Tinker admitted that he had picked the girl up "on the street" sometimes at night and that he carried a beep on which she and others could contact him to be picked up.
He also admitted to a criminal record that includes aggravated assault, possession of firearms, selling crack cocaine, and possession of marijuana.
But he didn't know anything about the killing of Teresa Parramoure until he heard of it sometime on Nov. 27, he said.
As he cross-examined Detective Andrews yesterday, defense attorney Edwards brought out more of what Tiffany Taylor's official statement to law officers contains.
"As you questioned her, she told you, `I just remembered having this dream about someone chasing me and trying to kill me,' didn't she?" Edwards asked, reading from a transcript of the statement.
Teresa Parramoure kept a knife under the bed out of fear that someone would break into her home, and it was that knife Tiffany Taylor used, according to the statement.
"I thought this person was chasing me, and I grabbed the knife, and then I heard my mom scream," the girl told detectives as she was being questioned back in Nov. of 1996, according to excepts from the transcript read by attorney Edwards yesterday.
"And I thought, why is Mom screaming, and then I woke up. And I was like, Mom, I'm sorry. Mom, are you going to be okay? I didn't mean to kill her," the girl told detectives.
"But you didn't believe her about the nightmare, did you?" Edwards asked Detective Andrews.

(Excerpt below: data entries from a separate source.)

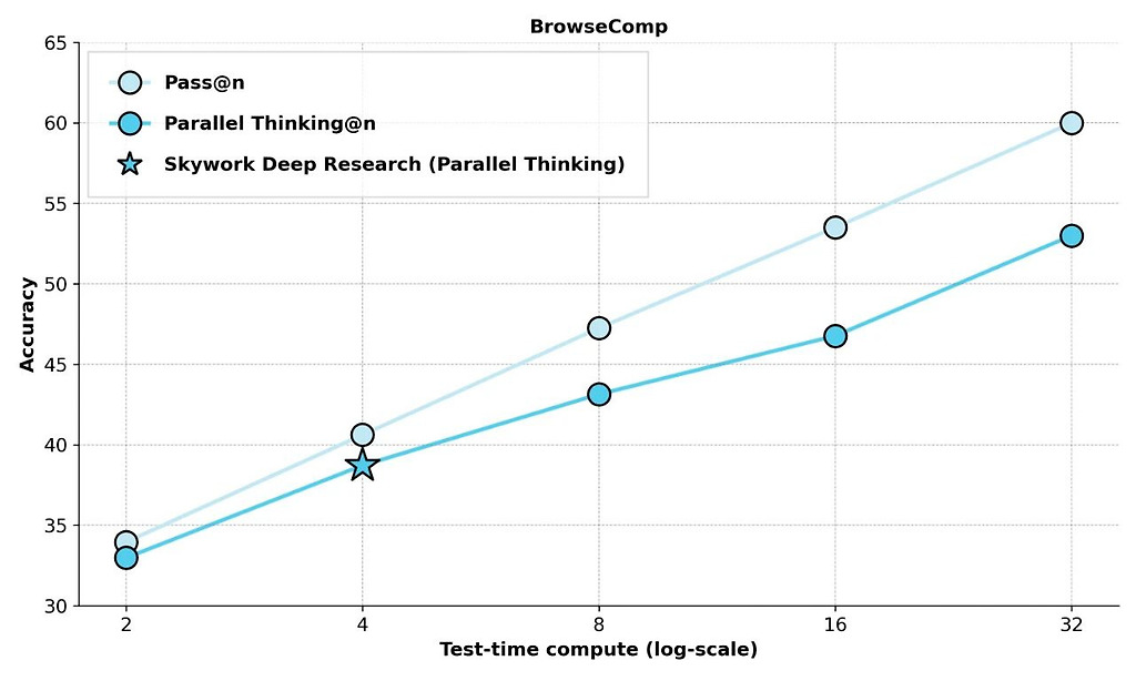 병렬 사고 모드에서 Skywork Deep Research의 정확도는 사고 시간이 길어질수록 지속적으로 상승하여 자체 개발 시스템 아키텍처의 추론 깊이와 확장성 측면에서 막대한 잠재력을 입증했습니다.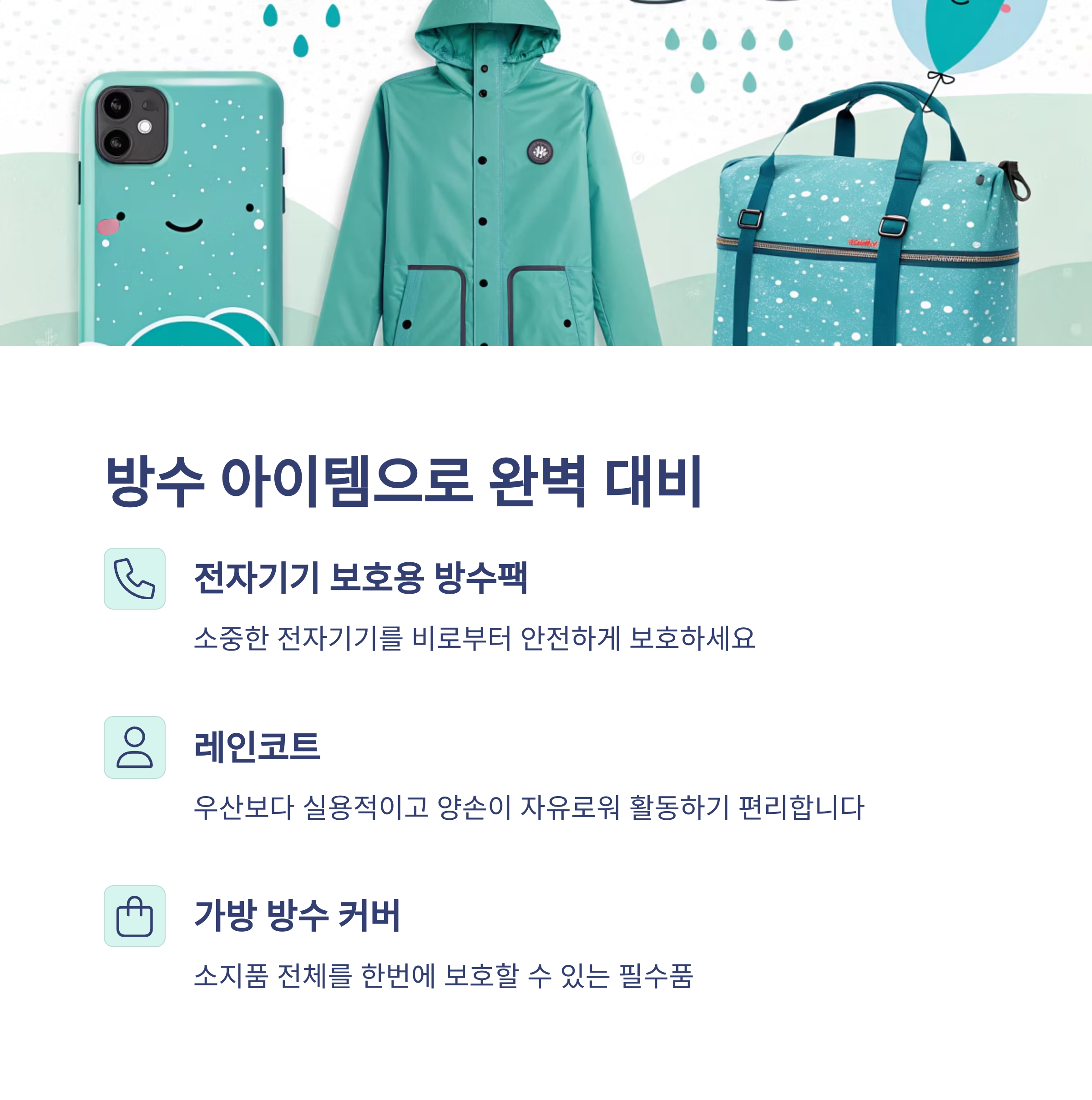 | 방수 아이템 | 전자기기 보호용 방수팩은 필수입니다. |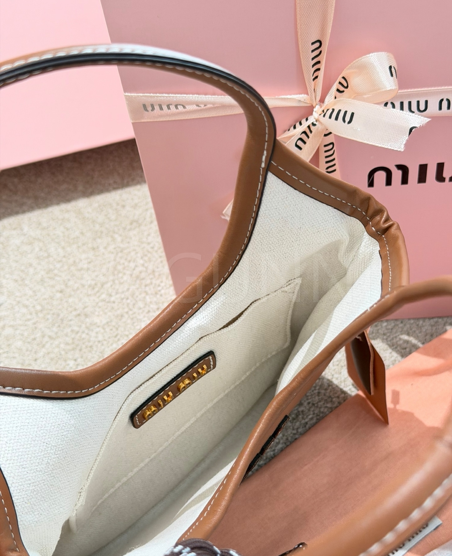 미우미우 레더 토트백입니다. 가죽 특유의 질감이 자연스럽게 살아 있으며 브랜드 특유의 분위기를 편하게 즐기기 좋습니다.

"No. I started not believing that when she told me about her mother punching and kicking her in bed that night," Andrews said.
Edwards read more from the transcript of the girl's statement: "I was half asleep and half awake. In my dream, I was running from somebody and somebody grabbed me, and I thought it was him, and all I wanted was to get him off of me."
The state could finish its case today, and after that, the defense will present its case, which could include putting Tiffany Taylor on the stand to tell more about her nightmare.